Quand cet ajustement des prix des SCPI devrait-il s'achever ?

J-M.C. : « A priori entre le début de cette année et le 30 juin. Ensuite [au second semestre 2024, NDLR] les éventuelles corrections restantes devraient être moins significatives. Et il faut souligner la grande disparité des ajustements observés ! Par exemple, des SCPI spécialisées dans des secteurs tels que la santé, la vieillesse ou la logistique résistent mieux. »

« L'ajustement des valeurs a été assez rapide, assez brutal »

Touche-t-on vraiment à la fin de cette baisse ? Certaines SCPI n'ont pas encore publié leurs valeurs de reconstitution - le témoin de la valeur réelle des actifs de la SCPI - à fin 2023...

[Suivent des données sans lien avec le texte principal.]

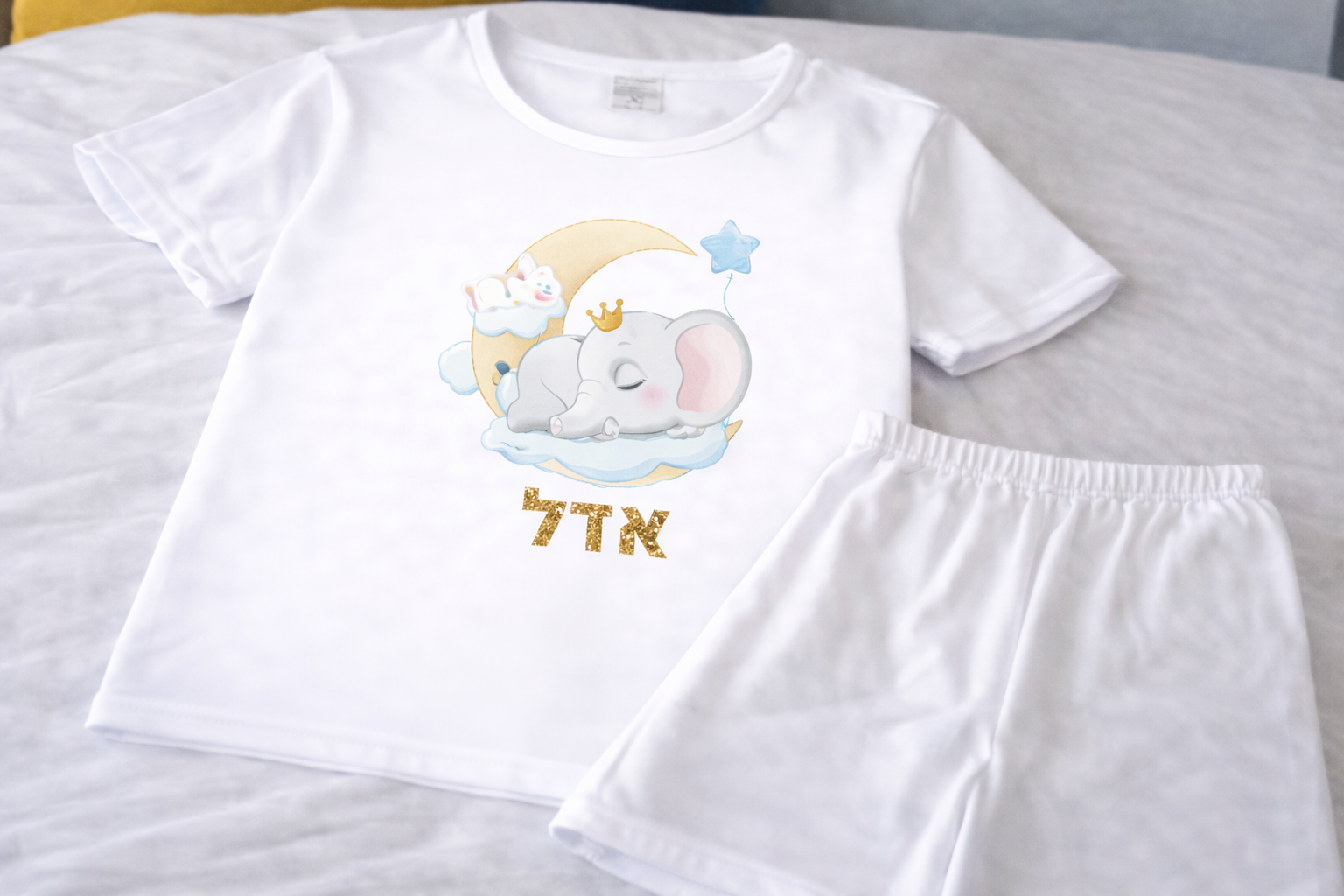 פיג'מה (מכנס קצר וחולצה קצרה) רכה ואיכותית מודפסת עם שם הילד/ילדה

J-M.C. : « Oui. Nous sommes à la fin de ce cycle. Ensuite, nous serons au plus proche des valeurs réalistes. En revanche, n'oublions pas que ce qui tient bien, pour les SCPI, ce sont les rendements. Avec l'inflation et grâce au travail des gérants, les taux d'occupation et de distribution sont à la hauteur de ce qui avait été annoncé, voire un petit peu mieux. »

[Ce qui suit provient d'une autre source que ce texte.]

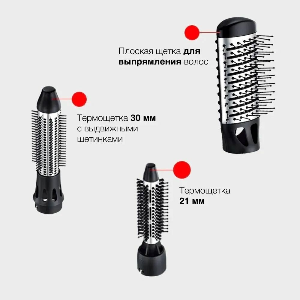 | Описание комплектации | Фен-щетка Плоская щетка для создания идеально прямых волос Термощетка 21 мм поможет в создании мягких волн Термощетка с выдвижными щетинками для создания более упругих кудрей Насадка для прикорневого объема Концентратор для сушки волос Сумка для хранения Инструкция по эксплуатации |

« Quand on fait si peu face à des crises, on s'y habitue »

Malgré les discours rassurants des gestionnaires, que vous représentez, comprenez-vous que les investisseurs soient inquiets ? Cette succession de baisses de prix questionne...

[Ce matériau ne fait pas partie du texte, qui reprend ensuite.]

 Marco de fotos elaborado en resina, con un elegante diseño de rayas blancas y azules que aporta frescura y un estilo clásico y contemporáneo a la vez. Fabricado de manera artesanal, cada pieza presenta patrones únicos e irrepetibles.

J-M.C. : « On a fini par s'habituer. Quand on fait si peu face à des crises, on s'y habitue. On voit petit à petit l'immobilier comme un marché qui ne peut pas baisser. On a un peu oublié de se dire qu'il peut y avoir des cycles. Une vraie crise, dans l'immobilier, cela arrive finalement une fois tous les 30 ans. Nous avons fait face à d'autres soubresauts plus récemment mais pas de cette ampleur. Quand la crise survient, c'est vrai que ce n'est pas agréable mais ce n'est pas si fréquent. Après, bien que l'inquiétude soit légitime, la réalité est que seule une petite minorité d'investisseurs demande à sortir. »

« Ne tuons pas le bureau »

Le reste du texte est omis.